For most of human history, the value of a solution came partly from its generalisability. A better technique for preserving food, a more reliable way to navigate, a more effective teaching method — these things spread because they worked for more than one person. Shared solutions accumulated into shared knowledge.
AI is quietly disrupting that logic. It is now possible — and increasingly easy — to build something that addresses your problem exactly: your language, your constraint, your particular set of circumstances. The barrier between having a problem and having a working solution has collapsed for millions of people who previously had no access to that kind of tailored response.
This is genuinely remarkable. But it raises a question that we think is worth sitting with: what happens to collective understanding when solutions become hyper-personal? When a nurse builds a tool for her specific patient cohort and never shares it. When a farmer trains a model on his specific land and takes that knowledge with him. When the gap between problem and solution closes — but closes privately.
Cototyping starts from the assumption that both the gains and the losses here are real, and that understanding them requires documentation. We're building an archive of personal-scale AI solutions — not to celebrate them uncritically, but to ask what they reveal about human need, problem-solving, and the relationship between individual ingenuity and collective knowledge.
When solutions are built for one, the knowledge they represent tends not to travel.
Hyper-personal solutions reveal something that generalised ones obscure.
As this community grows, so does the value of what it collectively documents. We take that seriously — and we've made specific commitments about how it's used.
You own what you share. We will never sell individual submissions or personal data to third parties.
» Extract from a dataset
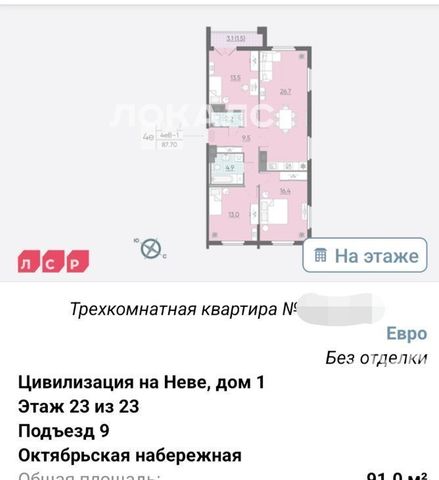 Здравствуйте уважаемые покупатели! Предлагаю к рассмотрению данную уникальную по планировке и площади (89.4 общая , фактическая приведённая 91м²), трёхкомнатная квартиру, которая находится в современном, новом ЖK Бизнес класса - Цивилизация на Невe ул. Дыбенко д.2.

Any research or analysis derived from this archive will be published freely — not behind a paywall or used commercially without community consent.
Submissions can be shared publicly, anonymously, or kept private for research purposes only. Granular controls, always.
As patterns emerge from the data, we'll publish what we find and invite the community into how we interpret it — not present conclusions without context.
A single submission tells you about one person's problem. A thousand submissions, structured the same way, start to show you something else: the shape of need that formal systems don't reach.
That's what we're building toward. Not a showcase. Not a marketplace. An archive — rigorous enough to be useful to researchers and policy-makers, human enough to be worth reading for its own sake.
The Alexandrian structure we use for submissions isn't accidental. Christopher Alexander's insight was that patterns become legible only when you document both the problem and the solution — the forces in tension, not just the resolution. We think the same is true here.